There are many other criticisms of Ilan Pappe just from that one article alone (on camera.org), and he seems to have quite the reputation for factual distortions and falsehoods. This is something a proper researcher would have considered and looked into very carefully before levelling authoritative charges accusing an entire race of people of committing intentional genocide.
More factual distortions listed by camera.org that, if true, would make Pappe a seriously questionable source on history:
Yasir Arafat's birthplace is Cairo and not Jerusalem. The U.N. Special Commission on Palestine (UNSCOP) presented its report on August 31, 1947, not on November 29. Deir Yasin is a village near Jerusalem, and not in Haifa. Lawrence of Arabia had nothing to do with the Anglo-Hashemite correspondence that led to the "Great Arab Revolt" of World War I. Further, this correspondence was initiated by the Hashemites not by the British. Pappé even misspells the official English transliteration of President Weizmann's first name (Chaim, not Haim).
More serious is the book's consistent resort to factual misrepresentation, distortion, and outright falsehood. Readers are told of events that never happened, such as the nonexistent May 1948 Tantura "massacre" or the expulsion of Arabs within twelve days of the partition resolution. They learn of political decisions that were never made, such as the Anglo-French 1912 plan for the occupation of Palestine or the contriving of "a master plan to rid the future Jewish state of as many Palestinians as possible." And they are misinformed about military and political developments, such as the rationale for the Balfour declaration . . .
This is just a small fraction of the arguments against Pappe's work coming from just one website, never mind all the mainstream academics who have directly challenged this work.
And here's Pappe criticizing Morris' work in the Jerusalem Post:
"Pappe, a senior lecturer at the University of Haifa, shared countless lecture hall stages with Morris after their first books appeared, and the men became friends. Now they no longer speak, their relationship poisoned by a series of angry public exchanges rooted in their vastly different interpretations of Israel's history. 'Morris bothers me for what he represents, not as a person,' Pappe says during a visit to his cluttered university office. 'The extremes he is willing to go to justify Zionism and the prejudice he shows against the Palestinians is shared by so many Jews.' "

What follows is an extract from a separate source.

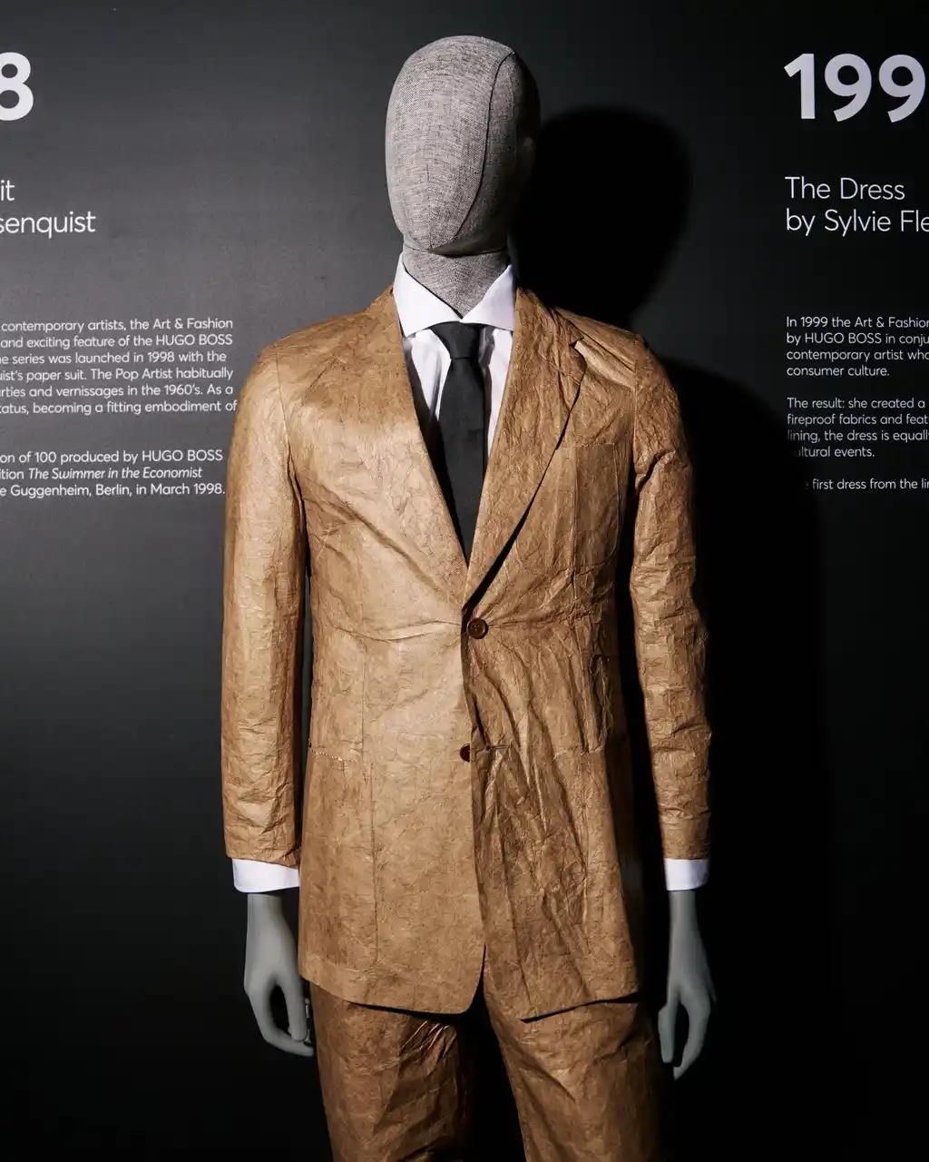 | 式典の中心的な見どころとなったのは、没入型のウォークウェイ・インスタレーション「1995-2025: 30 years of Arts Sponsorship」です。この展示では、過去30年にわたりHUGO BOSSがアートを支援してきた歴史に光を当てました。主なハイライトとして、1998年にアーティストのジェームズ・ローゼンクイストが制作した「Paper Suit」(テーラリングのクラフトマンシップと紙の消費性を融合した作品)、ソロモンR.グッゲンハイム財団・美術館と共同でアーティストに授与してきた長年のHUGO BOSS Prize、そして上海のロックバンド美術館(Rockbund Art Museum)と設立した「HUGO BOSS ASIA ART Award」をクローズアップしました。 | |||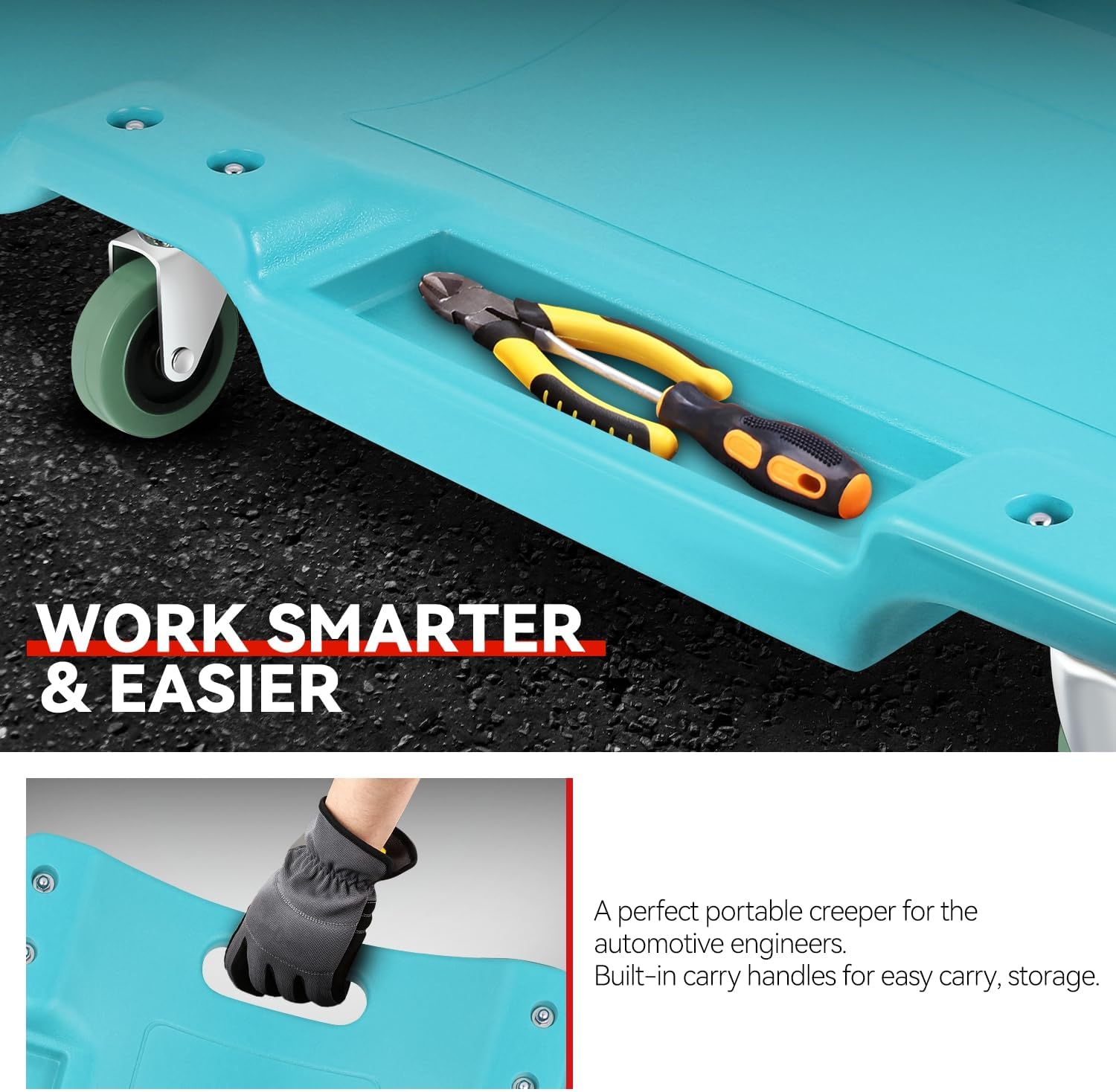 - Portable Style: This 40 inch low profile creeper can also make it easy to pick up, position, and transport with the bottom-positioned carrying handle, which ensures the work in your garage or workshop with ease.

Now you can argue that Pappe disagrees with Morris only insofar as Morris doesn't blame everything on the zionists, but what kind of objectivity is that supposed to represent?
I can cite countless videos and articles by arab writers talking about how the Palestinians have plenty of reasons to lay most of the blame for their Nakba on the arab nations who pretended (and still pretend) to represent them. I can find you plenty of arab writers and academics who give themselves wholeheartedly to supporting the Israeli cause, at least insofar as the 1948 borders are concerned. Do I bother to do this? No, because what concerns me most are objective sources that can conclusively prove one claim or another. Otherwise, in the absence of hard physical and corroborative evidence for so many of the claims and counterclaims, arguing about events that happened generations ago, we have no option but to move on and work from the facts we have today. The UN recognition of Israel within its 1948 borders seems to me a very reasonable place to start, and a majority of Israelis and Palestinians have said as much in the past.